Recently, a number of studies have been dedicated to wastewater remediation via passive biosorption mechanism by dead algal biomass. This approach proved to effectively eliminate contaminants such as heavy metals [51,52,53] and pharmaceuticals [58,59]. However, it follows from the literature that for biosorption, a relatively high biomass concentration is required, since non-living biomass is incapable of cell reproducing, and its concentration is fixed. Especially in the case of high initial contamination load of the medium, it may reflect increased remediation costs. On the other hand, the use of non-living biomass may address the major drawbacks of phycoremediation—above all, fresh water demand for medium dilution. Moreover, dried biomass is not sensitive to medium toxicity, which enables it to be utilized for the remediation of toxic aquatic run-offs. Hence, it appears that the effectiveness of using non-living or living biomass should be assessed based on the composition of the particular wastewater to treat.

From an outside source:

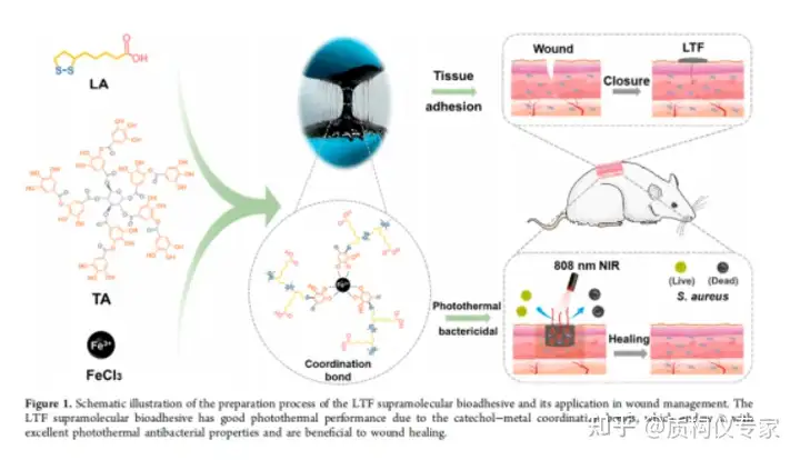 然而,很少有深入的研究探索天然小分子的生物粘合剂极具促进伤口愈合的发展潜力。因此,为探究一种安全、有效的抗菌粘合剂,本研究构建的LTF生物粘合剂是由α-硫辛酸、单宁酸和氯化铁,通过一种简单的绿色途径合成,能够促进伤口的愈合,为伤口处理提供较高的应用价值。(见图1)
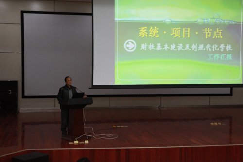 在学校综合楼的报告厅里,邓中材校长做了题为“系统·项目·节点”的工作汇报。邓校长从“领导重视,明确系统工程目标”、“依据政策,搭建项目组织框架”、“狠抓节点,提高管理绩效”和“聚焦新项目,促进财校治理结构现代化”四个方面向各位领导介绍了近两年来学校建设的概况,对市局领导在建设过程中给予的关心与支持表示衷心的感谢,同时汇报了创建现代化学校的进展情况,明确了下一个阶段学校的工作重点和努力方向。

The use of such approaches would be useful in large-scale implementations to reduce freshwater demand and minimize the environmental footprint of the phycoremediation process.

4. Conclusions

We successfully demonstrated that phycoremediation has the potential to be a reliable pre-RO step for LL treatment. The green microalgal D. subspicatus exhibited a high ability to remove TAN and iron from LL, thereby indicating its potential to prevent premature RO-membrane clogging and reduce NH₄⁺–N loss from the LL concentrate. Notably, the removal efficiency of TAN was relatively high even in the extremely toxic sample. Our results thus show that D. subspicatus is capable of tolerating media with high concentrations of TAN, which is essential for the application of phycoremediation in LL treatment. Moreover, we demonstrated that independent of dilution, the remediation efficiency of Fe and TAN was conditioned by the initial content of Fe and TAN, respectively. The overall results suggest that the remediation efficiency was dependent on the general LL composition rather than just the dilution ratio. Although the remediation did not appear to be equally efficient for all samples, our study suggests that the remediation efficiency can be significantly increased by optimizing the LL input parameters. To provide a further investigation of LL pre-treatment by phycoremediation, our next step will be to design a function model that combines an RO-membrane unit and a batch bioreactor for simulating the treatment process.